Of course, a party seeking summary judgment always bears the initial responsibility of informing the district court of the basis for its motion, and identifying those portions of `the pleadings, depositions, answers to interrogatories, and admissions on file, together with the affidavits, if any,' which it believes demonstrate the absence of a genuine issue of material fact. But unlike the Court of Appeals, we find no express or implied requirement in Rule 56 that the moving party support its motion with affidavits or other similar materials negating the opponent's claim. On the contrary, Rule 56(c), which refers to `the affidavits, if any,' suggests the absence of such a requirement. And if there were any doubt about the meaning of Rule 56(c) in this regard, such doubt is clearly removed by Rules 56(a) and (b), which provide that claimants and defendants, respectively, may move for summary judgment `with or without supporting affidavits.' The import of these subsections is that, regardless of whether the moving party accompanies its summary judgment motion with affidavits, the motion may, and should, be granted so long as whatever is before the district court demonstrates that the standard for the entry of summary judgment, as set forth in Rule 56(c), is satisfied. One of the principal purposes of the summary judgment rule is to isolate and dispose of factually unsupported claims or defenses, and we think it should be interpreted in a way that allows it to accomplish this purpose."

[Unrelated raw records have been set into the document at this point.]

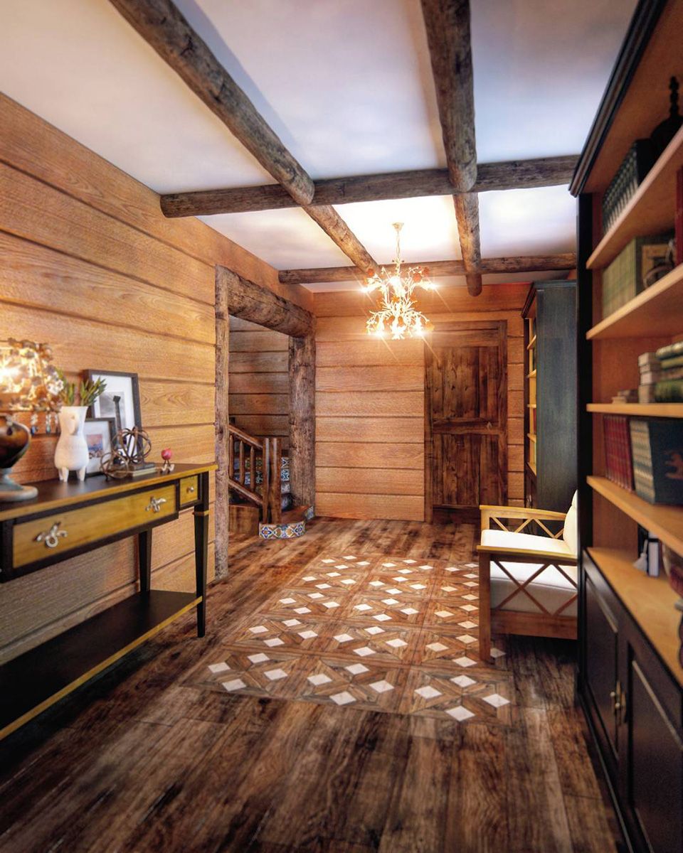 В отделке стен и пола используются состаренное дерево и пробка, делающие интерьер теплым, мягким и по-настоящему уютным.
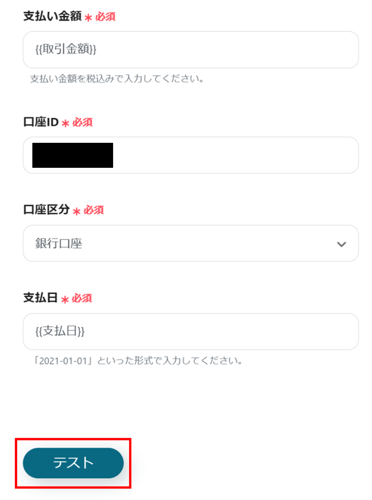 入力が完了したら「テスト」をクリックし、エラーが発生しなければ「保存する」をクリックします。
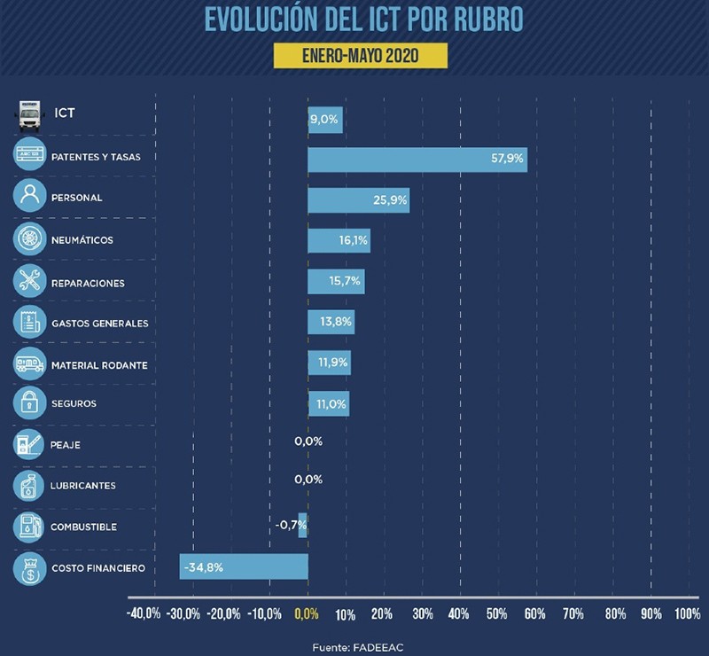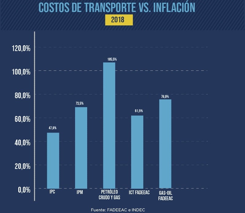 Según un informe del Departamento de Estudios Económicos y Costos de la Federación Argentina de Entidades Empresarias del Autotransporte de Cargas (FADEEAC), se evidencia una desaceleración tanto de los costos del transporte como de la inflación minorista en lo que va del año, en comparación a 2019 y 2018. Mientras en 2018, el Índice de Costos del Transporte FADEEAC (ICTF) tuvo un incremento récord del 61,5%, con el registro más alto desde 2002, en 2019 la inflación fue la más alta desde 1991, con un incremento récord del 53,8%.

Celotex, 477 U.S. at 322-24, 106 S.Ct. at

2552

-53.

Our supreme court in Jarboe rejected the federal summary judgment approach and explained Indiana's summary judgment framework as follows:

"The burden imposed at trial upon the party with the burden of proof on an issue is significantly different from that required of a non-movant in an Indiana summary judgment proceeding. Under Indiana's standard, the party seeking summary judgment must demonstrate the absence of any genuine issue of fact as to a determinative issue, and only then is the non-movant required to come forward with contrary evidence.
In this respect, Indiana's summary judgment procedure abruptly diverges from federal summary judgment practice. Under the federal rule, the party seeking summary judgment is not required to negate an opponent's claim. The movant need only inform the court of the basis of the motion and identify relevant portions of the record `which it believes demonstrate the absence of a genuine issue of material fact.' Celotex Corp. v. Catrett (1986), 477 U.S. 317, 323, 106 S.Ct. 2548, 2553, 91 L.Ed.2d 265, 272. The burden then rests upon the nonmoving party to make a showing sufficient to establish the existence of each challenged element upon which the non-movant has the burden of proof. Id. Indiana does not adhere to Celotex and the federal methodology."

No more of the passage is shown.